In the 1980s, I began to design and teach courses for teachers that emphasized the structure of language and its relevance for teaching reading, spelling, writing, and oral language comprehension. The course of study that is now LETRS began as summer workshops and semester-long graduate courses. Between 1997 and 2001, language study was the professional development part of a large NICHD-funded research project in Washington, DC, public schools. The data we obtained were clear: high-risk students learned to read when teachers knew what to teach and how to teach it, when they received classroom coaching, and when they had appropriate instructional materials.
Comprehensive, language-based reading instruction (also defined as “Structured Literacy” by the International Dyslexia Association—IDA) has several critical components. They include explicit teaching of the speech sounds (phonemes) in spoken language and the way the English spelling system represents those sounds. They also include instruction in print patterns that represent syllables and morphemes. Further, a comprehensive approach enables growth in language comprehension through explicit teaching of word, sentence, and text meanings. The skilled educator should know how best to teach this menu of skills, how to weave together those elements, how to tell if a student is having difficulty with one or more of the language or literacy components, and how to remediate the weaknesses in a timely, individualized manner.

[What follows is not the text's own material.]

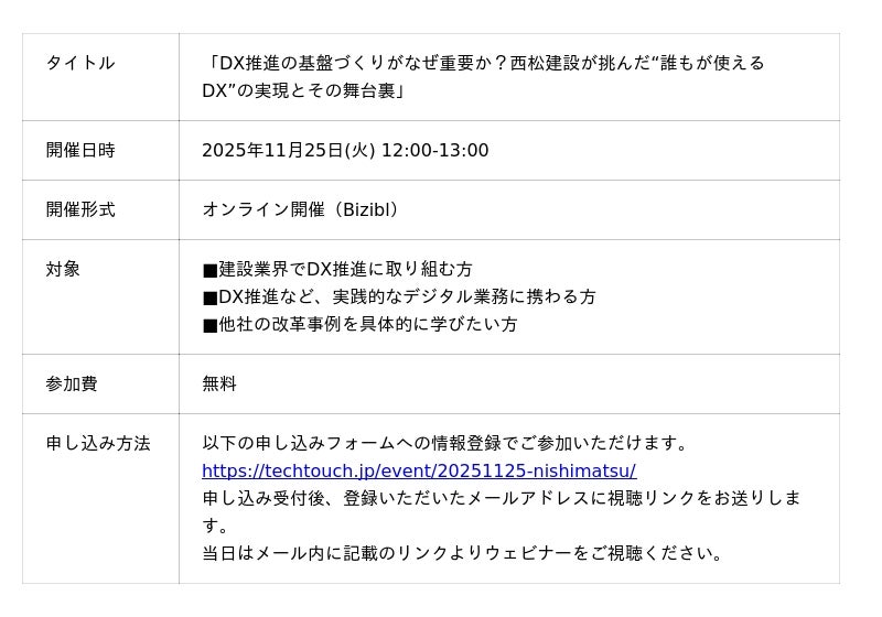 お申し込みはこちら:https://techtouch.jp/event/20251125-nishimatsu/

LETRS is also unique in its respect for, and reference to, theoretical models of language and literacy acquisition that are supported by scientific consensus. Key ideas are identified, explored with online tasks, demonstrated by video, and role-played in face-to-face sessions. Because understanding of speech sounds is so fundamental to literacy, we require teachers to refine their own phonemic awareness. Moreover, we study the organizational principles and specific correspondences (phonics) of English orthography so that a teacher can stand up in front of class and, with confidence, explain why any English word is spelled the way it is. Subsequently, with word-recognition instruction under our belts, we move on to vocabulary, comprehension, and reading fluently for meaning, enabling students to dig deep into good literature.
Finally, we have data to show that teachers do learn the content well, and within a year, can see significant gains in their students. There is nothing more exciting to me than empowering others with the insights that took me too long to acquire. LETRS works.